So, once a month blood comes out of my vagina. And not just a little bit either. I bleed heavily for, like, seven days. No shit. Some of it’s red, some of it’s brown, and some days I bleed big, almost black blood clots. Grossed out? Well tough. It’s all part of the beautiful magic that is pussy. Get the fuck over it.
The thing is, I get really, super horny when I have my period. And I’m not the only one. I’ve talked to tons of other fabulous ladies who get major clitty boners during red tide too. Apparently it has something to do with our raging hormones. The same ones that make us feel like nothing is right in the world and it’s probably all your fault, you sexy sexy jerk.
However I have to admit that, although I’m a progressive, grown-ass woman, and I try hard to overcome our patriarchal society’s constant attempts to make me ashamed of my body, I’m a wee bit uncomfortable gettin busy when Aunt Flo’s in town. It’s just so… messy. And there’s nothing that makes it harder for a lady to have an earth-shattering orgasm than feeling all self-conscious, ya know?
What to do?
First, let’s talk about some of the REALLY AMAZING benefits of having period sex:
Wait, I lied. First, a cautionary side note:
Having unprotected sex while a woman is menstruating significantly increases the risk of transmitting STDs. So wrap that shit up.
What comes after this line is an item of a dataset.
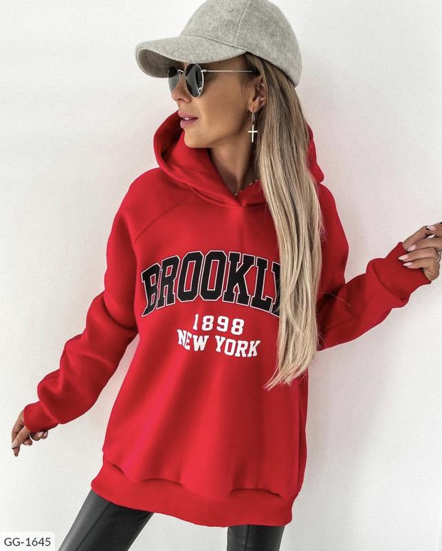 Ткань - трехнитка на флисе, качественный накат Цвета - красный и белый Крутые удлиннённые худи brooklyn, тёплые, удобные и стильные

Ok NOW let’s talk about the period sex pros:
Less cramps, more smiles!
That’s right, you heard me. Having an orgasm releases lots of feel good hormones into your blood that help ease cramps and improve your mood. Anyone who’s ever been anywhere near a bitchy, crampy chick on her period will agree that this is pretty fuckin awesome.
It’s extra slippery
Sex is best when the lady boat is as wet as possible. Menstrual blood is a natural lubricant. ‘Nuff said.
It shortens your period
When a lady orgasms it makes the muscles inside her uterus ripple and that pushes the blood out quicker than it would usually come out on it’s own, thereby lessening the amount of time she bleeds. Of course, this adds to the whole messy situation, but I’m getting to that. Hold your horses!
You probably won’t get pregnant
If you’re in a monogamous relationship, and everyone’s been tested for STDs, and you REALLY REALLY trust that no one’s been gettin some on the side, and you’re not on the pill or whatever, then this could be super great for you. There’s very little chance of getting pregnant while you have your period, so your man can (pretty) safely cum inside you. This is a really good thing to point out to men who are squeamish about putting it in while you’re bleeding. Just sayin.
A friend of mine once confided to me that her boyfriend was so ok with the period sex thing, that he would stick his fingers in her love cave and then draw all over her body with her blood while fucking her. I found this kind of hot and kind of disturbing. Seriously though, kudos to all you awesome men out there who have embraced the bloody pussy. You’re badass and are probably also well acquainted with the little woman in the boat.
For everyone else, here are a few tricks for mess-free period sex:
Ok so I use this trick ALL THE TIME. I’ve never gotten an infection or had pain or not been able to get the tampon out after or anything. Seeing as how all of us lady goddesses are built differently though, and I’ve never actually asked my doctor if this is safe, proceed with caution.
When I know the sex is about to happen, I usually just excuse myself to the loo, pop in a small tampon, stick the string up into my pussy and, voila! No mess and usually my lover can’t even feel it in there. You might want to lube up a bit before penetration to make sure things are all glidy inside, but that’s just generally sound practice all the time anyway.
This is an especially good trick if having your pussy eaten is your favorite thing ever but the pussy eater doesn’t like the taste of blood.
These little puppies work just as well as a tampon (for sex or just for regular daily protection). As I said above, just insert, lubricate and have at it. Fun! My favorite ones are from Jade and Pearl and you can order them through the internets.
Sex in the shower
To be honest, this isn’t one of my favorite things. The water washes away all of your natural lubricant and, unless you’re a rich fucker with a bench in your huge marble shower, you have to do it standing up or precariously balanced on the slippery side of your tub, which is awkward and dangerous. I one time was at a B&B with my ex and while we were doing it in the shower he slipped and knocked himself out. We had to call an ambulance and it was horrible and embarrassing and scary. Never again. However, if you’re into that kind of thing or you’re one of the aforementioned rich fuckers, you can go at it and not have to worry about mess.
In conclusion I would like to say that sex is great, periods are a part of life, and we should all try real hard to just get over it and enjoy them together. Go forth fuckers, and menstruate!